Succeeding his father at the age of four, Kildare was left to the care of his mother, and then, following her death in 1666, of his grandmother, the dowager Lady Clare. In February 1682 his name was variously linked with a daughter of Lady Clancarty, and with a lady in the west of England who had ‘great expectations’. In August 1682 a match was afoot with Lord Chesterfield’s daughter, but in fact Kildare married into another Anglo-Irish family. He attended James, Duke of York on his visit to Oxford University in June 1683, when he was made a DCL. A year later, he took as his second wife the daughter of Lord Ranelagh, who brought a fortune as well as valuable political connexions, though her amorous intrigues made her a butt of satirists. At this time, Lord Arran wrote to Ormond:

my Lord Ranelagh threatened that my Lord Kildare, whom, it seems, he governs now, shall petition the council board there [in Ireland] for recovering a debt at law due to me by the late Lord of Kildare above 20 years ago. I knew the time indeed when, for fear of his lordship, judges durst not do justice, I mean in the exchequer, but I hope his lordship’s power is not so great now. I have all my Lord Kildare’s estate in my possession.

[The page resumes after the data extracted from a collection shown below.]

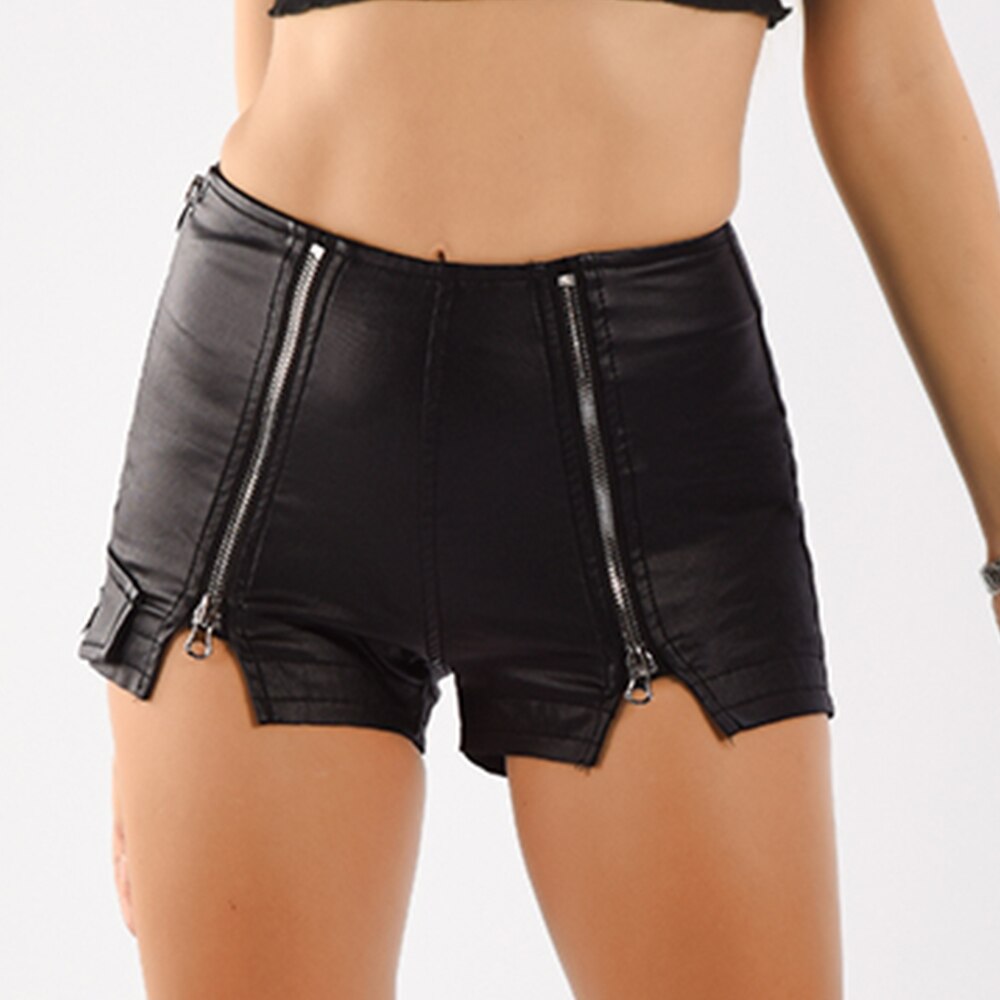 Uaang Black PU casual fashion summer shorts women clothing goth faux leather high waisted womens shorts y2k hot woman short pants
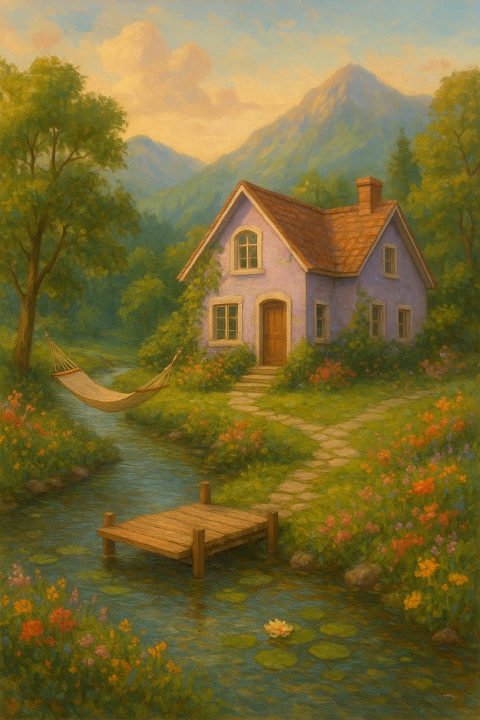 Draw a cozy and well-kept detached house in the mountains. There’s a small river nearby with flowers on its banks. A hammock is hanging by the river, and there’s a wooden dock on the water with water lilies. The path to the house is made of stone, and some parts are covered with ivy. The whole scene should feel comfortable ,peaceful and inviting, with beautiful ,warm and natural colors. It should look like a livable and attractive place that feels close to nature .
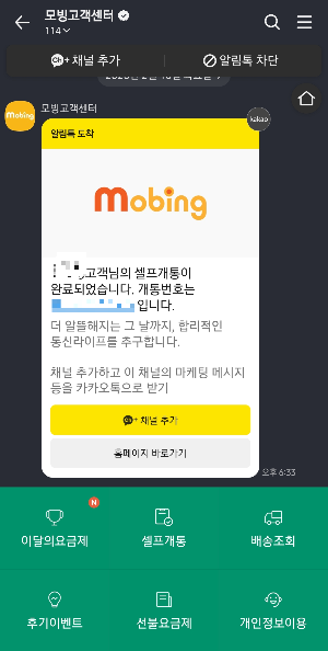 셀프 개통하려고 모빙 유심 2,200원 결제했고
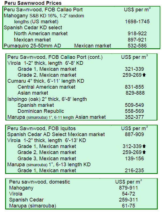 For sawnwood, undressed greenheart (select) prices gained from US$933 per cu.m to US$1,060 per cu.m over the period under review, while prices for undressed greenheart (merchantable) remained stable. Undressed purpleheart (select) gained from US$1,000 per cu.m to US$1,350 per cu.m while mora sawnwood prices were steady.
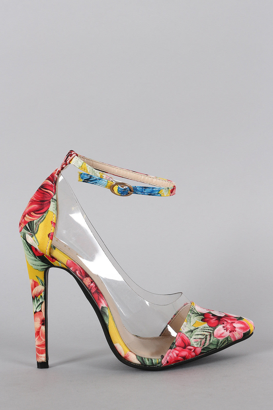 This beautiful pump features a combination of floral print satin/lucite upper, pointy toe, and wrapped stiletto heel. Finished with lightly padded insole and adjustable ankle strap with buckle closure.
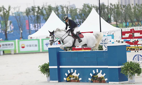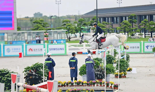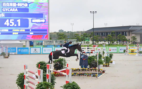 下午的比賽繼續(xù)在雨中進(jìn)行。第二輪比賽共設(shè)11道障礙、14跳,梁銳基與愛馬以8個罰分、76.01秒的成績完成比賽,并以兩輪8個總罰分無懸念地拿下了場地障礙個人賽金牌。兩輪比賽結(jié)束后,同以12個罰分完賽的浙江隊騎手徐昊、段義華放棄附加賽的繼續(xù)爭奪,最終段義華與“幕蓿(Mu Xu)”組合、徐昊與“Eyes Blue De La sina”組合分享了亞軍和季軍。
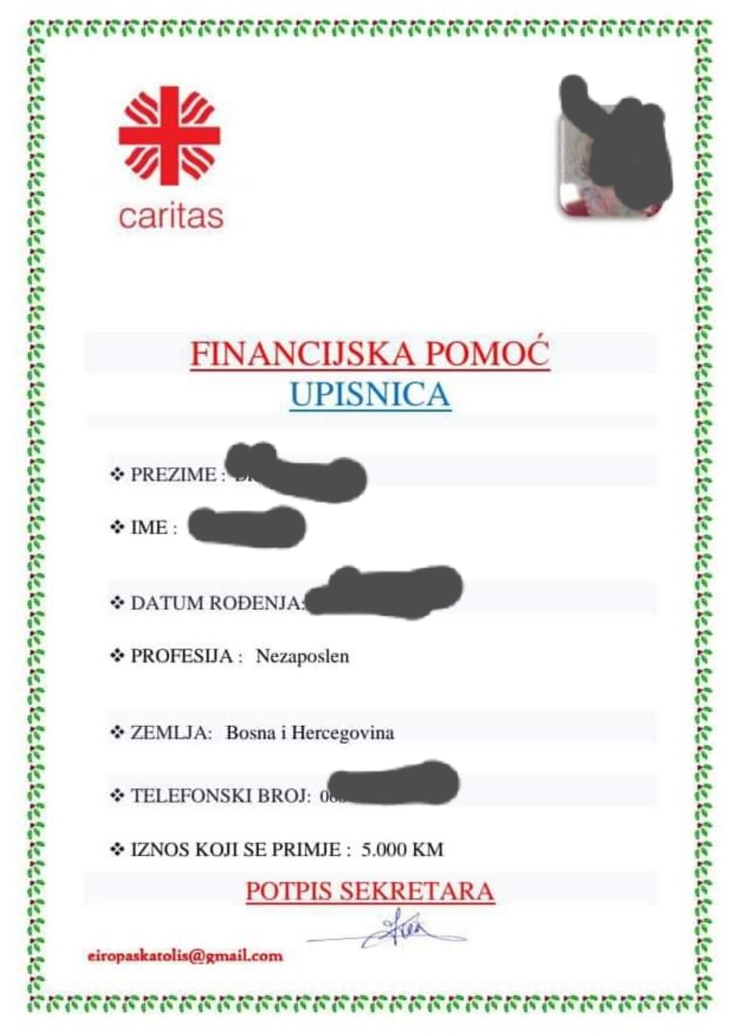 Ovih dana u Sarajevu su se pojavile osobe koje se predstavljaju kao djelatnici Caritasa, bez navođenja kojeg Caritasa. Obraćaju se starijim osobama. Pri tom im obećavaju poveću financijsku donaciju Caritasa uz uvjet da im ispune Upisnicu s traženim informacijama koje će im kasnije poslužiti u nedozvoljene i kažnjive radnje. O tome govore dvije skenirane slike koje prilažemo.
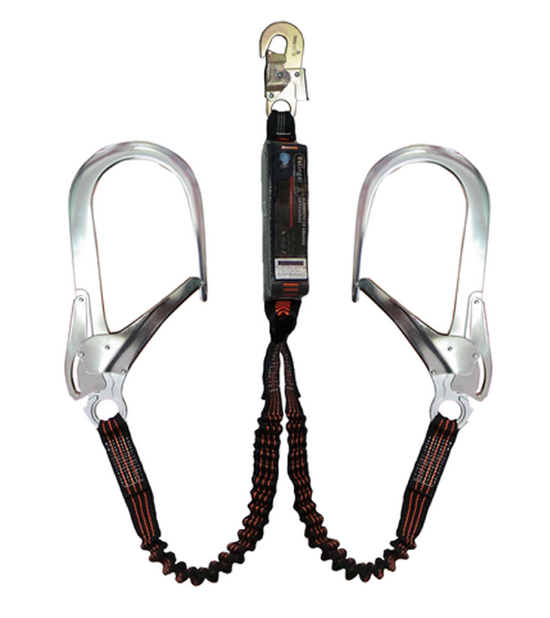 Elemento de amarre anticaídas doble con mosquetón de 110 mm de abertura que permite vinculación a estructuras y puntos de anclaje de mayor diámetro. Cinta elastizada para mayor confort y versatilidad en los movimientos durante su uso. Largo máximo de 1,5 m.
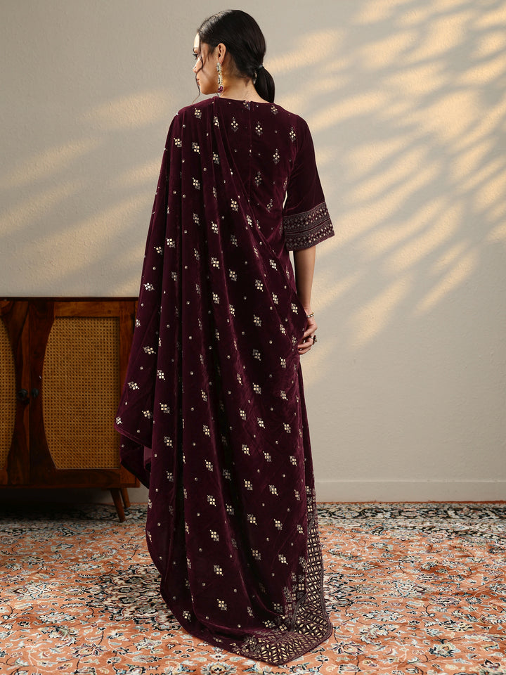 Burgundy Embroidered Velvet Straight Suit With Dupatta
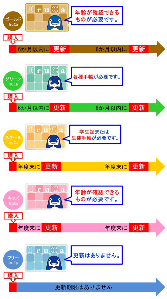 お客様のご都合(資格の変更や加齢)により、ご利用されている各種IruCaの種類を
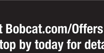 Dassel 888-679-4857 St. Cloud 844-262-2281 Long Prairie 866-514-0982 Willmar 877-484-3211 C AOct7 -1 B -NM DO MORE WHILE saving a lot. *Offer ends 12/31/2023. Available at participating and eligible dealers only. Offer may vary by product type, series, model and select units in dealer’s current inventory. Must take delivery from dealer stock by 12/31/2023. Offers available on new equipment in US and Canada only. Some restrictions apply. Length of contract and rate may vary. Monthly payment subject to change. Prior purchases not eligible. See dealer for details. Financing provided on approval of credit by authorized Bobcat finance providers to well-qualified buyers. All finance programs and rates are subject to final approval by the applicable Bobcat finance provider and are subject to change at any time without notice. Administrative fees may apply. Offer not available to government accounts, national accounts and municipal/utility bid customers. Bobcat Company reserves the right to extend or discontinue any of these programs at any time without prior notice. In lieu of financing receive rebates up to $12,000 USD* OR 0% APR for up to 36 months* with rebates up to $7,000 USD* compact loader Financing & Cash Rebates
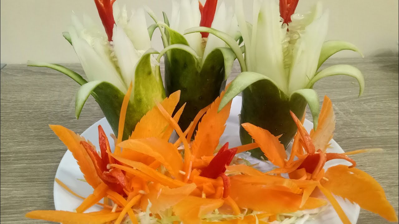 Cucumber Show Vegetable Carving Garnish Cucumber Decoration Simple Vegetable Carving Ideas 00:00 how to make beautiful peacock (bird) from onion & bell. how to make birds, flowers, and other centerpieces from carved vegetables with instructions & related resources. I am going to share with you a few simple vegetable garnishes with. i like to make simple food decorations from vegetables for a perfect finish for the party table!. Simple Vegetable Carving Ideas.
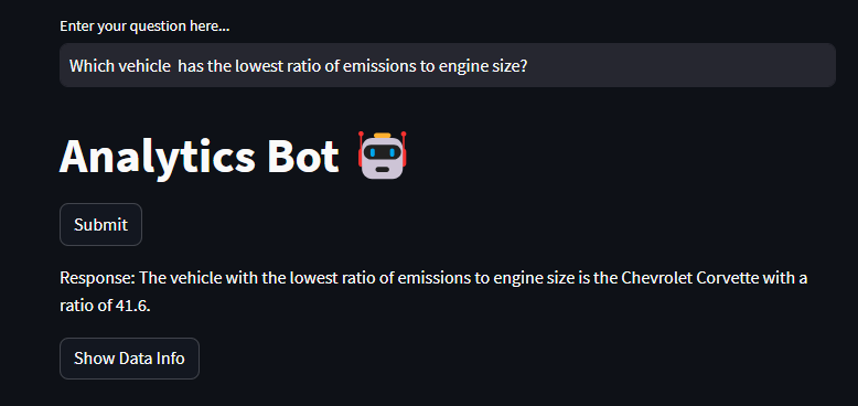 I tested the analytics bot on a CO2 emissions dataset sourced from Kaggle recording emissions, engine size, and fuel consumption data for various vehicles.
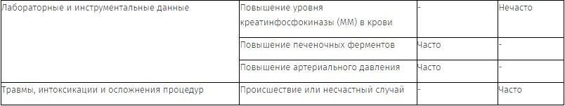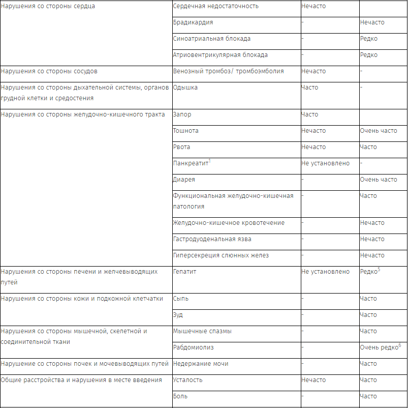 Нежелательные реакции классифицированы по клиническим проявлениям (в соответствии с поражением органов и систем органов) и по частоте встречаемости: очень часто (>1/10), часто (>1/100 до <1/10), нечасто (>1/1000 до 1/100), редко (>1/10000 до <1/1000), очень редко (<1/10000), частота не установлена (в настоящее время данные о распространенности нежелательных реакций отсутствуют).

Evidently Kildare recovered his Irish property, but he preferred to reside at Caversham, and in 1687 he entertained Mary of Modena on her way to Bath. As he did not attend James II’s Irish parliament of 1689, Kildare’s estates were temporarily sequestered by the Jacobites.1

In 1694 Kildare was returned for Tregony at a by-election, on the interest of either Hugh Boscawen I*, who had married Kildare’s cousin the previous year, or Hon. Francis Robartes*, the husband of Kildare’s sister, or perhaps both. Kildare made no recorded speech and did not appear on any parliamentary list. In September 1695 he was summoned to attend the Irish house of lords, and did not stand at the English general election of that year. He travelled to Montpellier, France in December, and was still abroad in April 1700 when he was reported to be keeping ‘open house for all the Irish’ in Bruges. In March 1705 a private Act was passed to sell part of his estates. Kildare died on 9 Nov. 1707, Lady Rachel Russell reporting eight days later ‘no will is found of Lord Kildare, so, as yet the Duke of St. Albans is defeated. He had told him [the Duke] that Saturday at dinner that he was heir to all in his power to give, went home, found himself ill, called for music, made them play till he died.’ A will was found, George Rodney Brydges* being one of his executors, and Kildare was succeeded in his title by his cousin Robert Fitzgerald.2

Ref Volumes: 1690-1715

Author: Eveline Cruickshanks

Notes

  • 1. Lodge, Peerage of Ire., i. 105–9; HMC Ormonde, n.s. vi. 321–2, 420; vii. 34, 164, 248; Poems on Affairs of State ed. Cameron, v. 347, 358; HMC Downshire, i. 263.
  • 2. CSP Dom. 1695, p. 138; HMC Bath, iii. 400; HMC Lords, n.s. vi. 249; viii. 275–6; HMC Rutland, ii. 187.